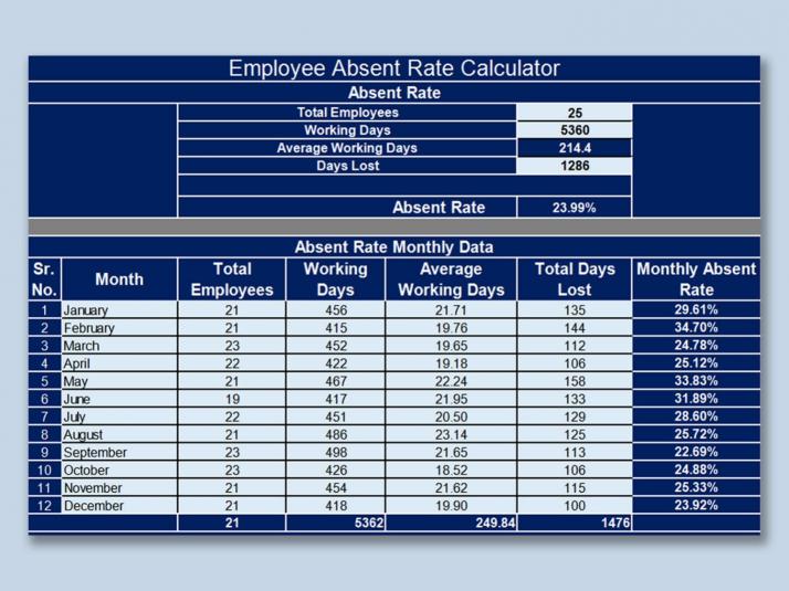 इन विवरणों को प्रदान करने के बाद, आपको अनुपस्थिति दर का औसत गणना होगा।
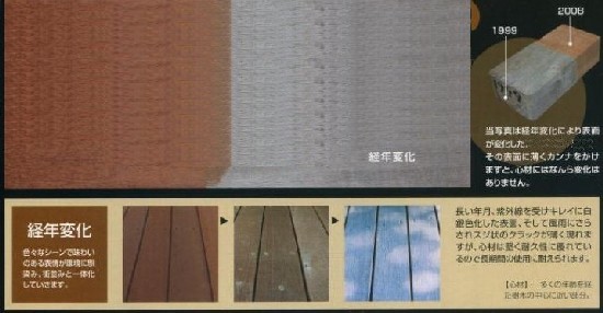 そして、風雨にさらされスジ状のクラックが薄く現れますが、心材は堅く耐久性に優れます。
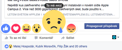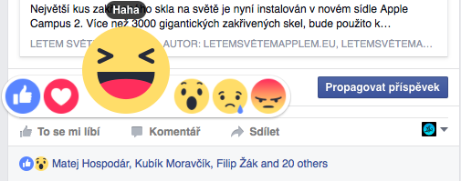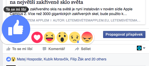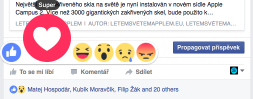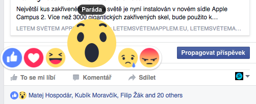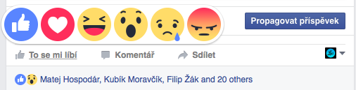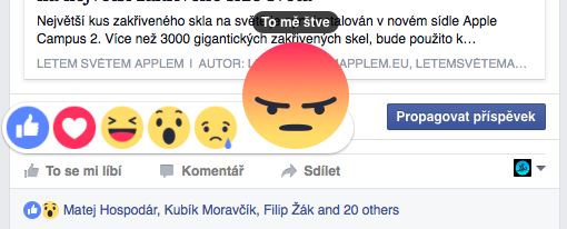 Facebook právě na svém blogu oznámil, že dnes globálně všem uživatelům zpřístupní nové tlačítko „To se mi líbí.“ Facebook nepřidal jen jedno tlačítko vedle toho současného, ale obohatil jej o možnost vyjádření jakýchsi pocitů respektive reakcí. Najdete zde tedy tradiční „To se mi líbí“, poté „Super“, „Haha“, „Paráda“, „To mě mrzí“ a „To mě štve.“ Všechny zmíněné reakce jsou samozřejmě doprovázeny příslušnými smajlíky, které můžete vidět níže.
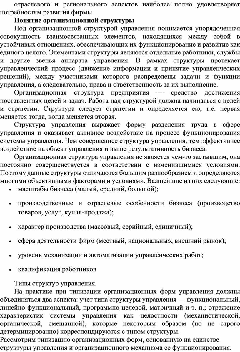 Под организационной структурой фирмы понимается ее организация из отдельных подразделений с их взаимосвязями, которые определяются поставленными перед фирмой и ее подразделениями целями и распределением между ними функций. Организационная структура предусматривает распределение функций и полномочий на принятие решений между руководящими работниками фирмы, ответственными за деятельность структурных подразделений, составляющих организацию фирмы.
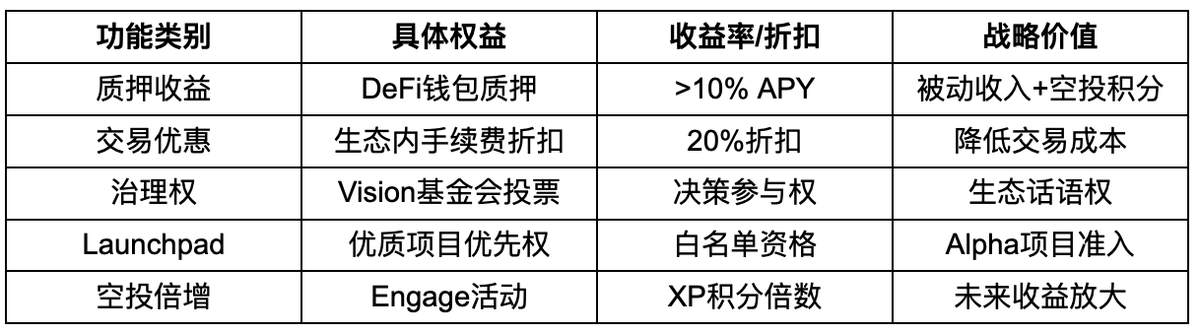 ➤ 生态赋能: $VSN 是未来 Vision Launchpad 的金铲子,还能作为生态空投活动的积分加速器。
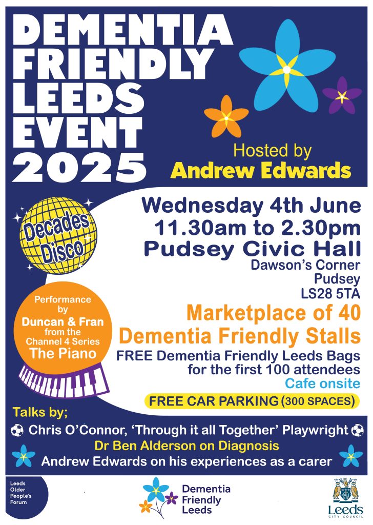 At Dementia Friendly Leeds – as well as hosting our own event (more details below) – we will be helping to promote the range of events and opportunities taking place across the city.
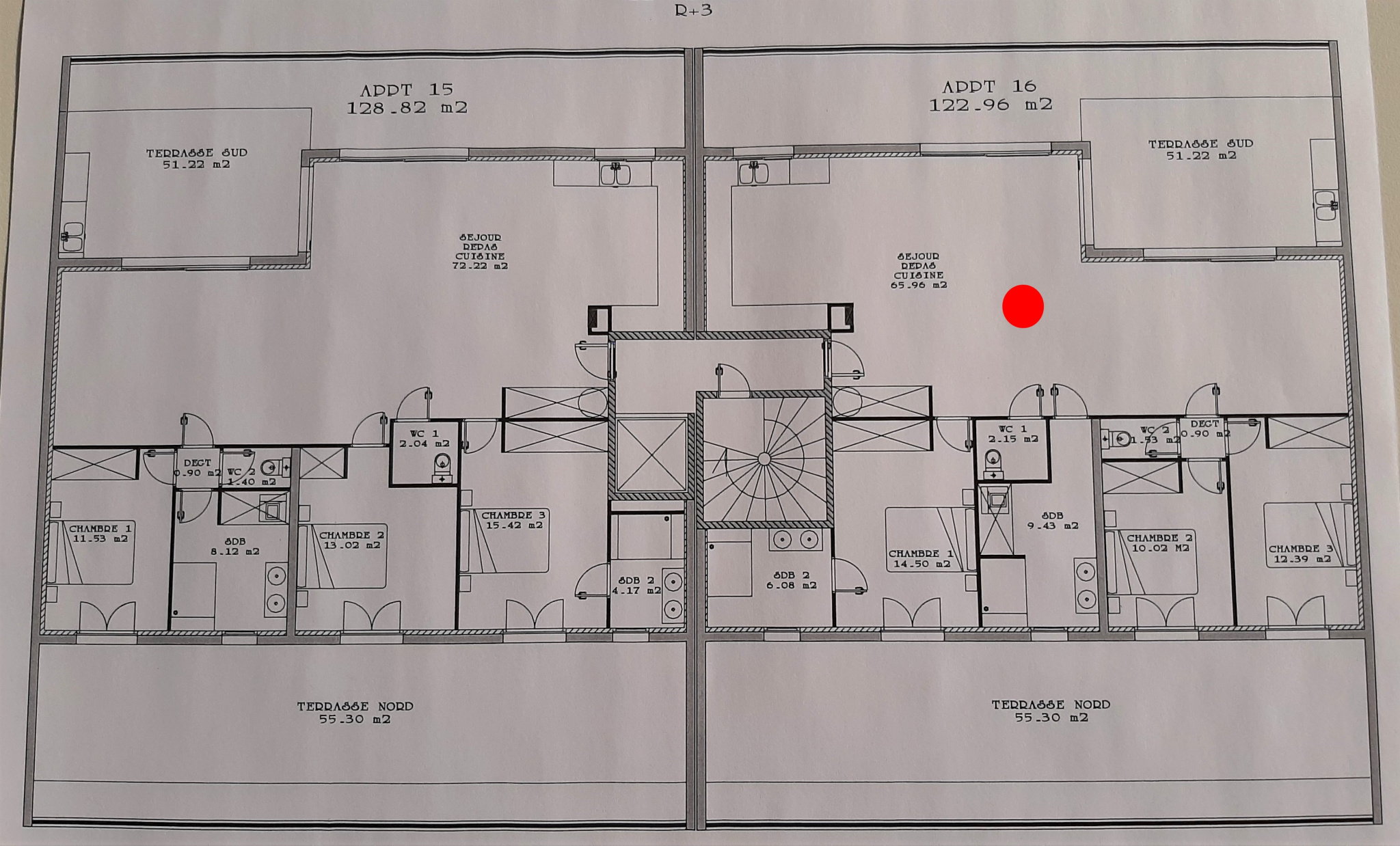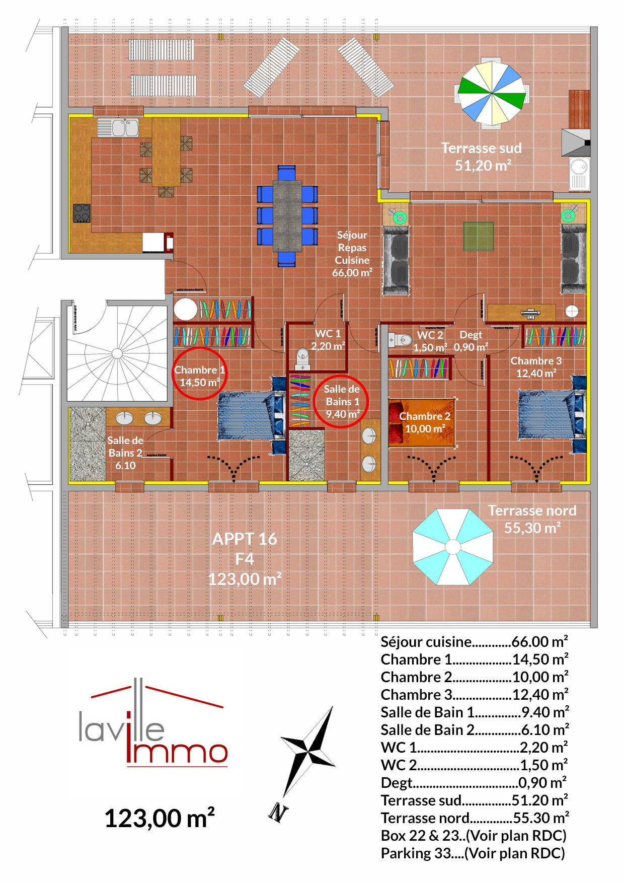 ...Il se compose d'un vaste séjour cuisine de 66m2 avec double terrasse de 51 et 55 m2...
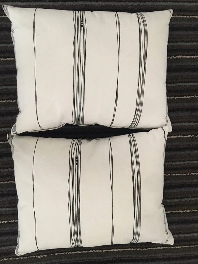 20Refresh your living space with these stylish Ikea pillows! This set of two square decorative pillows features a unique black and white pattern that adds a touch of modern flair to any room. They are in good condition. Perfect for adding a bit of comfort and style to your sofa or bed. Specifications: Price for both * Brand: Ikea * Type: Decorative Pillows * Pattern: Black and White * Shape: Square * Quantity: Two (2) I've had these cushions brightening up my living room, and now they're ready to bring joy to someone else's space. The listed price reflects their used but well-loved condition. So, if you're seeing this ad, yes, they're still available!

*What you need to do*
Because pictures are not wanted, give every entry above again exactly without them.

*Answer to this task*
 इन विवरणों को प्रदान करने के बाद, आपको अनुपस्थिति दर का औसत गणना होगा।
 そして、風雨にさらされスジ状のクラックが薄く現れますが、心材は堅く耐久性に優れます。
 Facebook právě na svém blogu oznámil, že dnes globálně všem uživatelům zpřístupní nové tlačítko „To se mi líbí.“ Facebook nepřidal jen jedno tlačítko vedle toho současného, ale obohatil jej o možnost vyjádření jakýchsi pocitů respektive reakcí. Najdete zde tedy tradiční „To se mi líbí“, poté „Super“, „Haha“, „Paráda“, „To mě mrzí“ a „To mě štve.“ Všechny zmíněné reakce jsou samozřejmě doprovázeny příslušnými smajlíky, které můžete vidět níže.
 Под организационной структурой фирмы понимается ее организация из отдельных подразделений с их взаимосвязями, которые определяются поставленными перед фирмой и ее подразделениями целями и распределением между ними функций. Организационная структура предусматривает распределение функций и полномочий на принятие решений между руководящими работниками фирмы, ответственными за деятельность структурных подразделений, составляющих организацию фирмы.
 ➤ 生态赋能: $VSN 是未来 Vision Launchpad 的金铲子,还能作为生态空投活动的积分加速器。
 At Dementia Friendly Leeds – as well as hosting our own event (more details below) – we will be helping to promote the range of events and opportunities taking place across the city.
 ...Il se compose d'un vaste séjour cuisine de 66m2 avec double terrasse de 51 et 55 m2...
 20Refresh your living space with these stylish Ikea pillows! This set of two square decorative pillows features a unique black and white pattern that adds a touch of modern flair to any room. They are in good condition. Perfect for adding a bit of comfort and style to your sofa or bed. Specifications: Price for both * Brand: Ikea * Type: Decorative Pillows * Pattern: Black and White * Shape: Square * Quantity: Two (2) I've had these cushions brightening up my living room, and now they're ready to bring joy to someone else's space. The listed price reflects their used but well-loved condition. So, if you're seeing this ad, yes, they're still available!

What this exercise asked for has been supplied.